Reproduce only the lines from the one containing "والأصل المنع؛ لأنه" through the end of the data, exactly as they stand.

> [INPUT DATA]
⟨
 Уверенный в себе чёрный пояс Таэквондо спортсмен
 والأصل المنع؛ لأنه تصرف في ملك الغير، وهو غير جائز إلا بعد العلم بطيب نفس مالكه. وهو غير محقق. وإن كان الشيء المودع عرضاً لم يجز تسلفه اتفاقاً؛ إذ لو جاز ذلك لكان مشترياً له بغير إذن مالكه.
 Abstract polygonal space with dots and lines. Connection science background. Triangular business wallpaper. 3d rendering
⟩
> [SOLUTION BELOW]
 والأصل المنع؛ لأنه تصرف في ملك الغير، وهو غير جائز إلا بعد العلم بطيب نفس مالكه. وهو غير محقق. وإن كان الشيء المودع عرضاً لم يجز تسلفه اتفاقاً؛ إذ لو جاز ذلك لكان مشترياً له بغير إذن مالكه.
 Abstract polygonal space with dots and lines. Connection science background. Triangular business wallpaper. 3d rendering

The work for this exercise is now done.